Corn Supply: Yields and Production
The USDA reported their national corn yield at 168.0 BPA and harvested acres at 81.5 million acres (MA). This compares to the pre-report estimates of 166.2 BPA and 81.350 MA. The USDA reported yields at 167.0 BPA and harvested acres of 81.815 MA in the November WASDE report.
Note: The USDA did not conduct or publish an updated corn yield or acres survey for the December WASDE, so the January figures are compared against the USDA’s data from the November Crop production report.

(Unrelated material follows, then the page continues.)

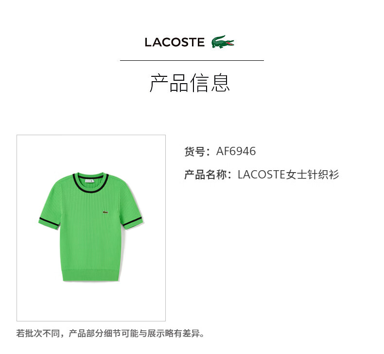 【海南专供价】Lacoste法国鳄鱼女装新款短袖时尚舒适百搭针织衫AF6946-10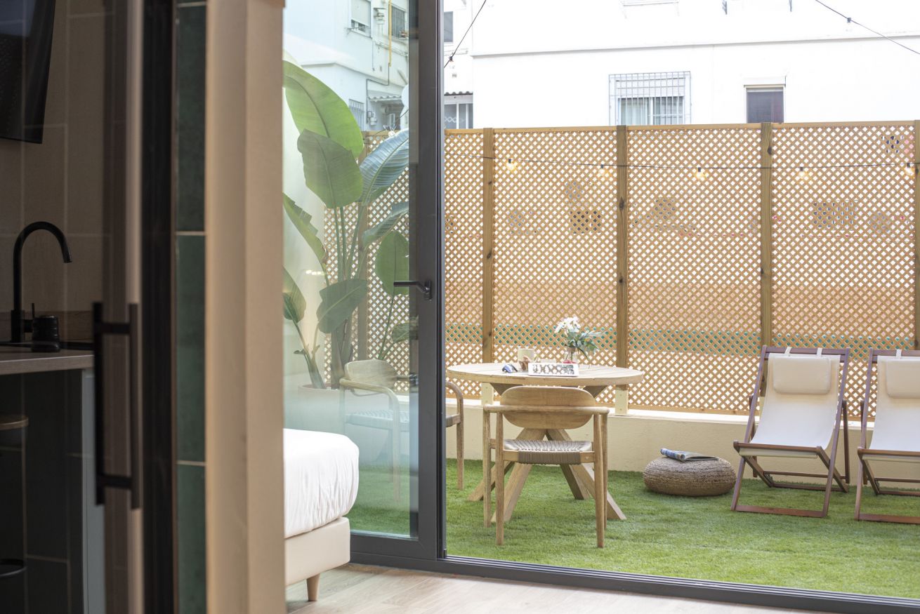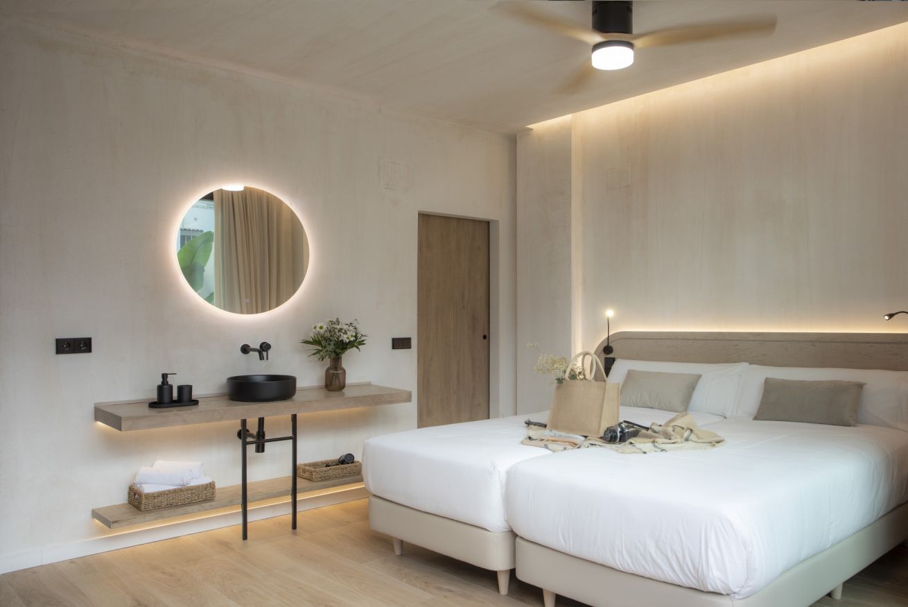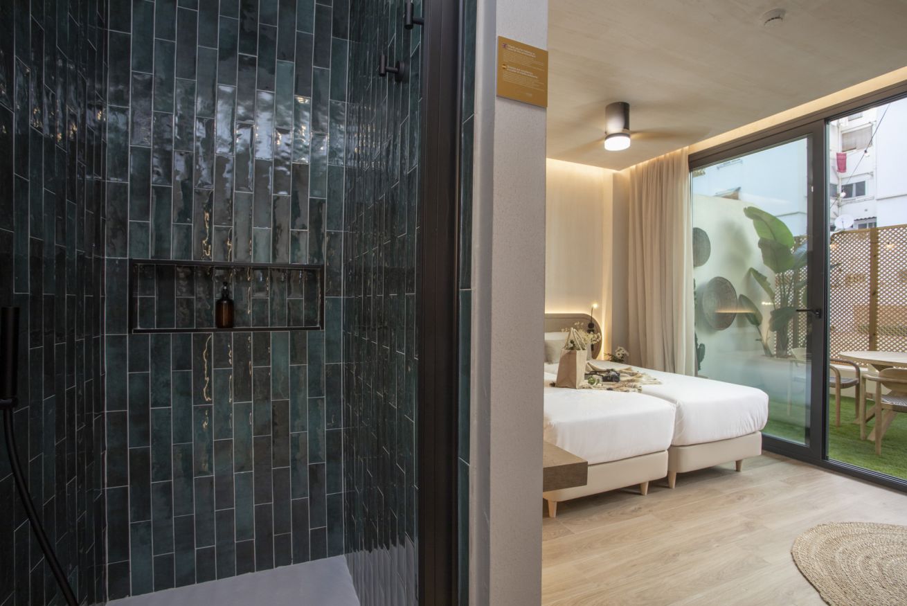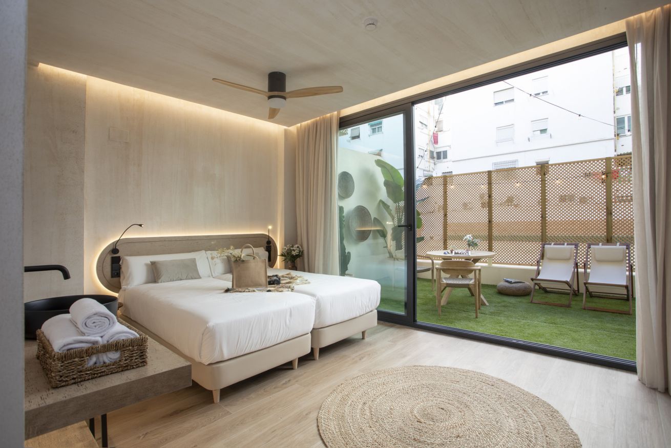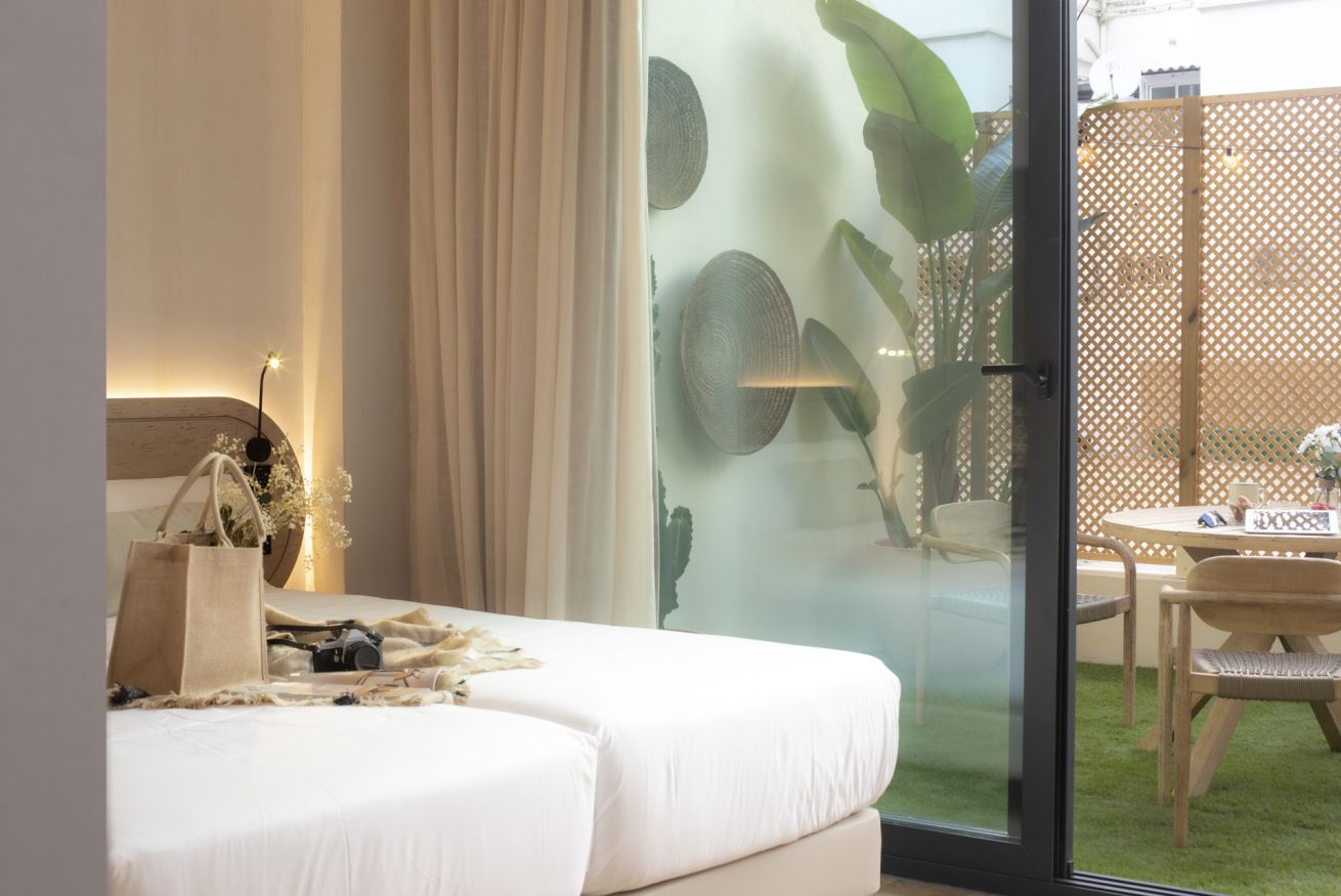 Descubre un espacio de diseño exclusivo y confort en este alojamiento boutique. La habitación doble, con dos cómodas camas de 90 x 200 cm, ofrece un descanso sin igual en un entorno exclusivo. Disfruta de tu propia terraza privada, un rincón lleno de luz natural ideal para trabajar, relajarte o desconectar de una jornada de turismo.

Normally, the USDA’s corn yield and harvested acres figures in this report are considered to be the government’s final production numbers of the marketing year. To accommodate the slow harvest pace in Michigan, Minnesota, North/South Dakota and Wisconsin, the USDA announced that the government will “re-contact” individuals that had not harvested corn in December in the “early spring” for harvest updates. The USDA further stated that if new data warrants any production changes, the government will adjust the related variables at a future date.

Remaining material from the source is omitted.